It's rather fitting that this post comes at the close of the year, as most of us ponder resolutions to carry us through the next twelvemonth and help us improve.  My meditations on this subject have been brewing for quite awhile and have finally percolated in time for tonight's countdown.

For the past few months, I have been grappling with a slow, angry bout of Depression.  What finally alerted me to my current situation was one little thing:  I like leaving the house even less than usual.  I'm an introvert, I like being home, but lately, I avoid leaving.  I make excuses to the point where it's really not healthy.  (I know, I'm starting to sound like somebody from Hoarders...)  Knowing that something is wrong helps, but figuring out a solution sometimes takes some serious time and effort.

A few weeks ago, Mr. F and I managed to get out on a Saturday morning.  We went running and wandering through a local park for a long time.  Not only was it my first encounter with honest to goodness exercise in who knows how long, it was the first time I was really out in nature.  The sun soaked in through my skin and the darkness that had been clouding my mind disappeared for a few minutes.  All at once I remembered my favorite books, the heroines who have inspired my life and...I was ashamed.  What would they think of me if they could see me now? I thought.  This is not how Anne or Lizzy would be living their lives.  They would want me to be happy.  And all at once a mantra was born.

WWEBD?
or
What would Elizabeth Bennet do?

I thought of my favorite books, mainly anything Austen or from the Anne of Green Gables series.  The characters in these novels, which I have read, re-read, then read again, have seeped into me, becoming old friends and a part of who I am.  Over the years, I have turned to them to sort out my love life, figure out how to handle school, how to handle marriage, and coping with loss.  It only seemed fitting, therefore, that the lifeline I was seeking for a healthy lifestyle should come from them.  Pondering over their fictional experiences, I honed five simple guidelines that I have been trying to impart into my daily life.

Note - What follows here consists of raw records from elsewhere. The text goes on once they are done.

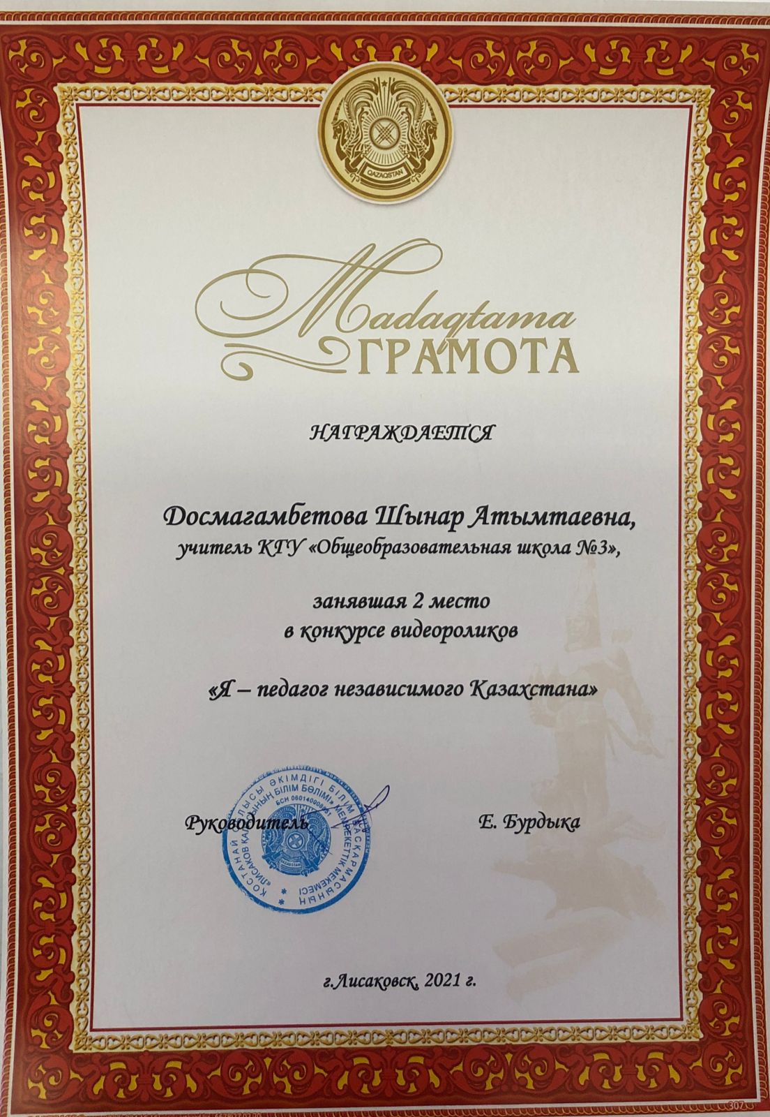 Мектебіміздің жас маман, тарих пәні мұғалімі - Досмагамбетова Шынар Атымтайқызы, Қостанай облысы білім басқармасының әдістемелік кабинеті ұйымдастырған,
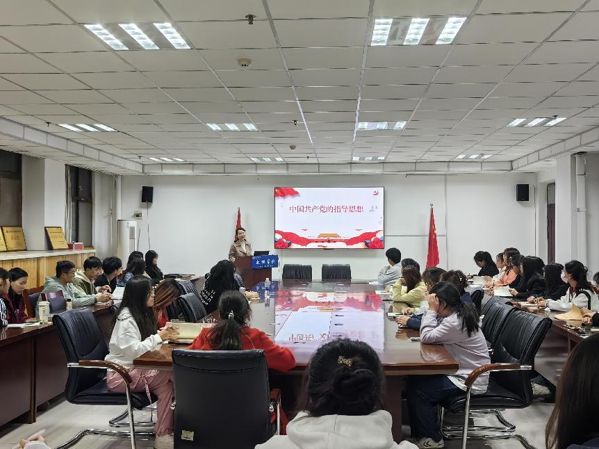 党课上,牛裕琪院长详细讲解了党的指导思想的重要性和意义,以及它在党的历史发展中所起的关键作用。她从七个方面详细阐述党的指导思想,分别是马克思列宁主义、毛泽东思想、邓小平理论、“三个代表”重要思想、科学发展观、习近平新时代中国特色社会主义思想和中国特色社会主义理论体系。
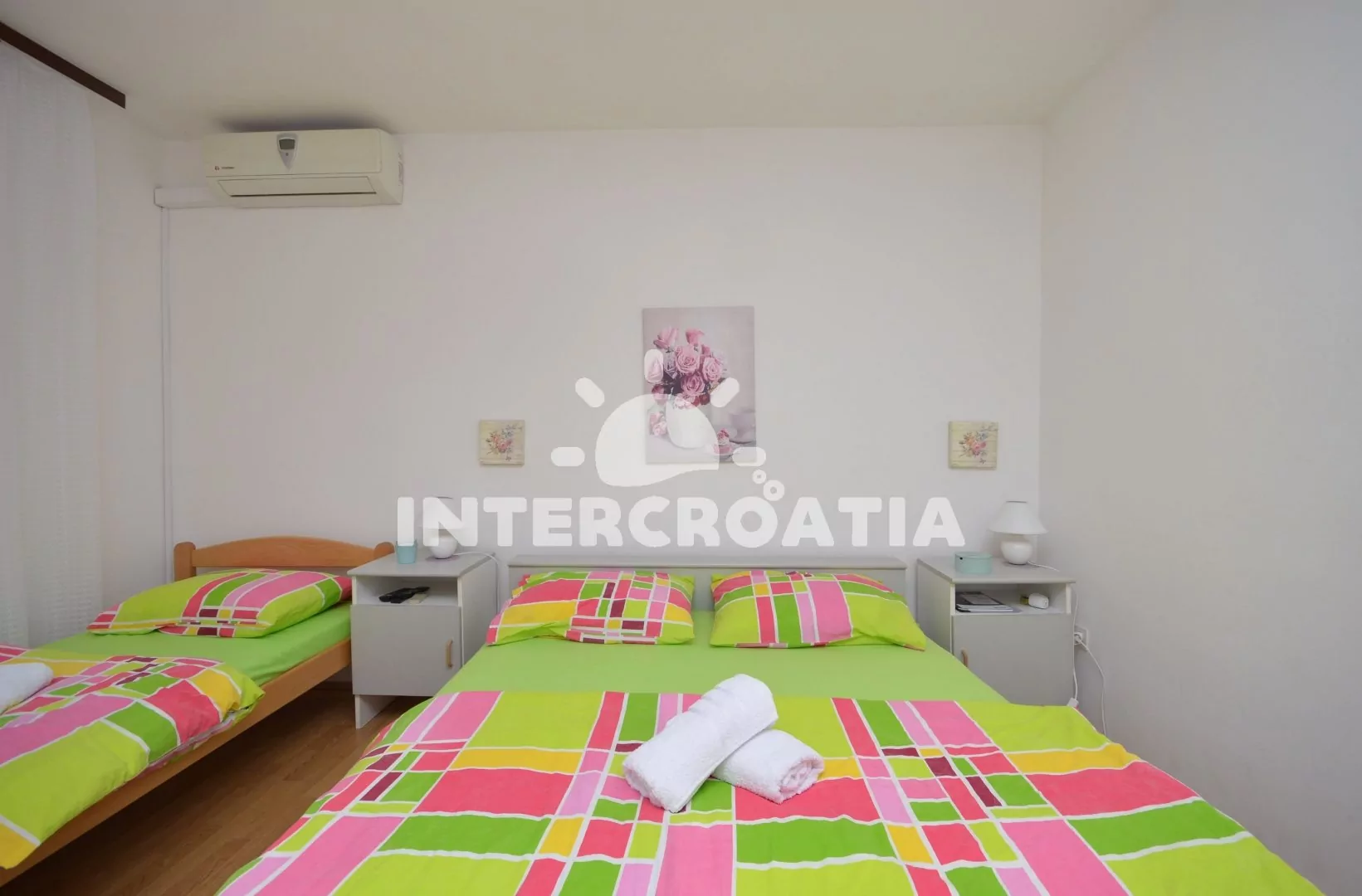 Velmi vhodně umístěný apartmánový dům v docházkové vzdálenosti od moře, oblázkové pláže a centra města. K dispozici 3 klimatizované apartmány s lodžiemi a venkovním posezením. U domu zahrada se společnou terasou, pergolou a grilem. Před domem pozemek s parkovacími místy.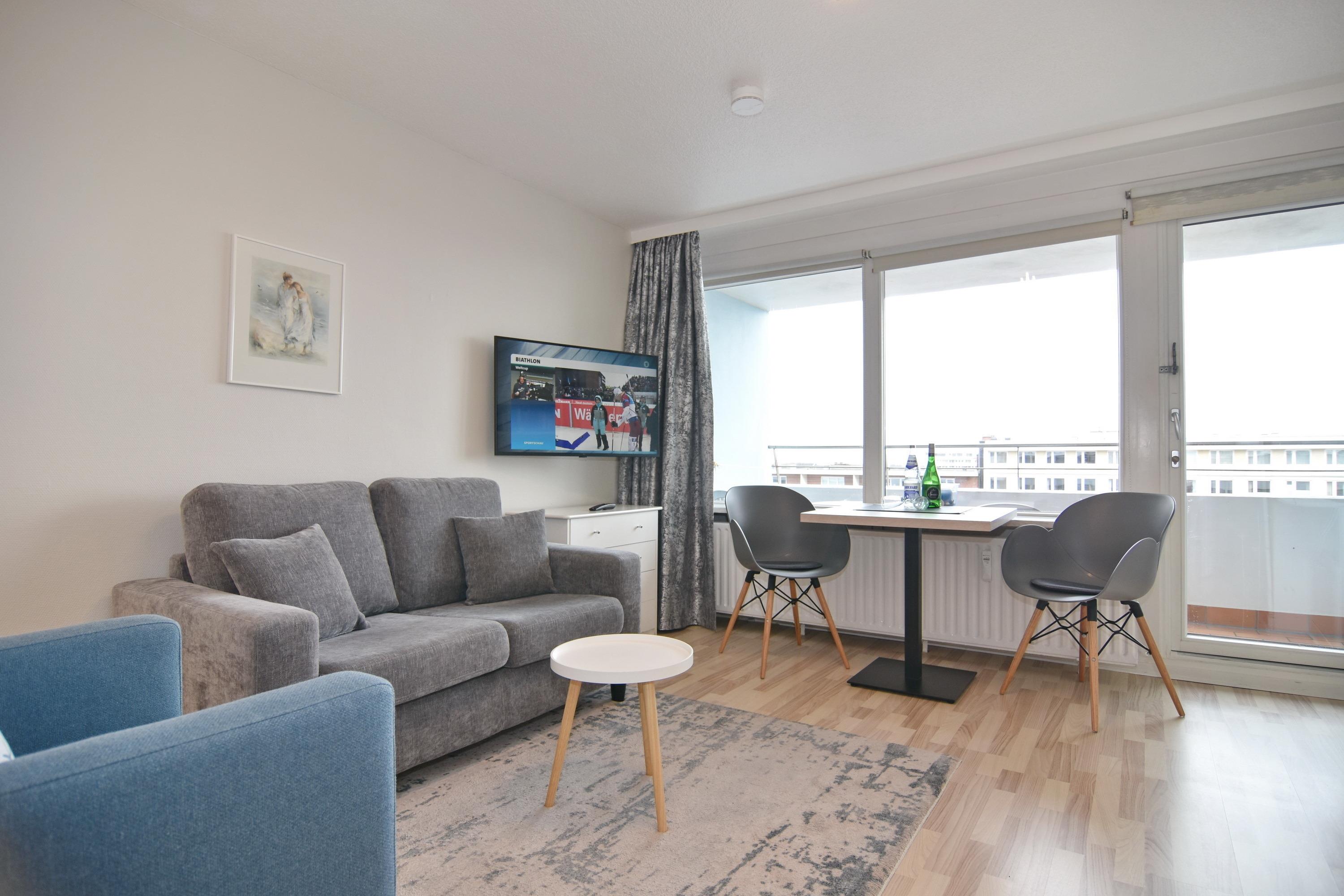 Helle 1-Zimmer-Ferienwohnung im 4. Stock nahe Strand in Westerland mit Balkon und moderner Ausstattung.

1.  Read.  Not watch a movie or listen to NPR, READ!  As a lover of the written word, it is dumbfounding how often I substitute a book for a blog.  Reading a good book is so rejuvenating, enlightening, and very often feeds my creativity.  Books have a way of challenging me to be better, by broadening my understanding or filling my imagination to such an extent that all I want to do is create.  Very often after finishing a thoroughly engaging read, all I will want to do is paint, write, or make something.  If I can do it outside, all the better!

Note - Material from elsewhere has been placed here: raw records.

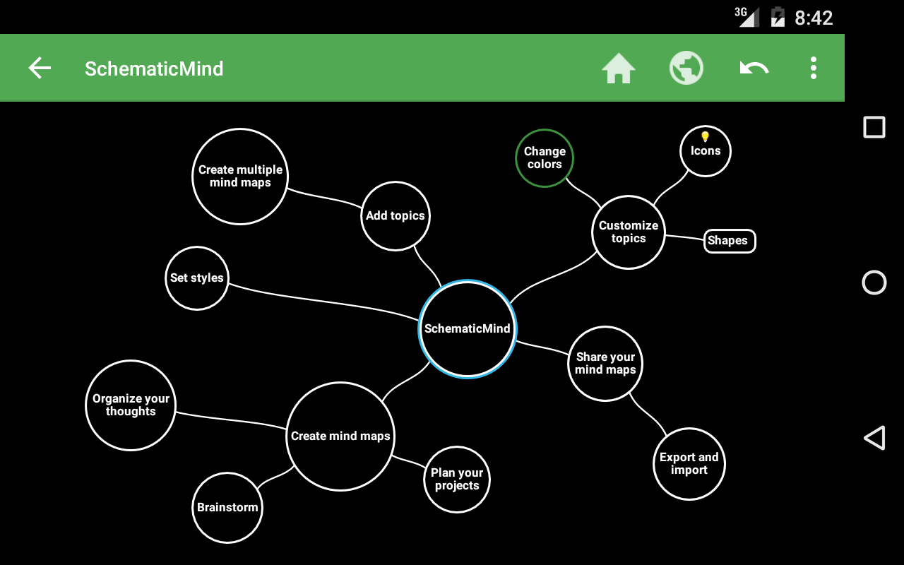 Ücretsiz zihin haritası, Android için galası zihin haritalama yazılımı SchematicMind.
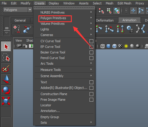 2、在该界面内扎到create菜单,点击create菜单,在其子级菜单里找到polygon primitives选项,如图所示: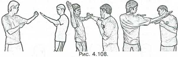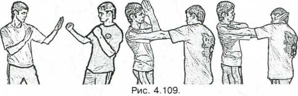 На рис. 4.108 противник наносит удар правой рукой. Боец совершает уводящий блок ладонью левой руки с внутренней стороны. Одновременно левая рука заносится на рубящий удар. Осуществляя контроль над ударной рукой противника (по возможности в виде захвата), боец завершает комбинацию рубящим ударом ребром ладони правой руки в шею противника.

2.  Visit.  All of the Austen novels are based on neighbors interacting.  Without this simple action, there would never be a Mr. Darcy or Captain Wentworth.  Without visiting, Anne Shirley would never have met Diana Barry, heaven forbid!  As an introvert, this one is unbelievably hard for me.  I would so often like to stay at home because I feel awkward and clumsy around others.  But it is so good to do, and how on earth will I ever find more kindred spirits by staying on my sofa?

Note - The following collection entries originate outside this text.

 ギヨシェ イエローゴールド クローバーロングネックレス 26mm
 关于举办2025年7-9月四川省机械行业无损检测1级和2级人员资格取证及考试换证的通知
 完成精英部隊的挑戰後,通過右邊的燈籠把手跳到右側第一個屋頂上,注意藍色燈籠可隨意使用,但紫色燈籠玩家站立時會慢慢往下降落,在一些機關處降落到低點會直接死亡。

3.  Go for a walk.  I regularly have the phrase, "What are men to rocks and mountains," echo through my mind.  How can one experience life if they never leave their front door?  (If Bilbo could go on an adventure, so can I.)  I have gleaned from these novels a sincere love of nature.  Getting out of doors rejuvenates the senses, blows out the cobwebs of worry, and stimulates the body.  Very often, a quick Coke run to get me out of the house will change my mood drastically.  I can only imagine what a daily, thorough walk taking in the wonders of this island would do!

4.  Faith.  A constant throughout my favorite books is faith and hope.  Whether it be faith in people, like Anne Shirley's hopeless optimism, faith in God, or faith in self, like the Goose Girl had to find.  Faith is essential and so closely connected to hope.  But it is also something that requires constant diligence, through study, observance, perseverance, and a joyful attitude.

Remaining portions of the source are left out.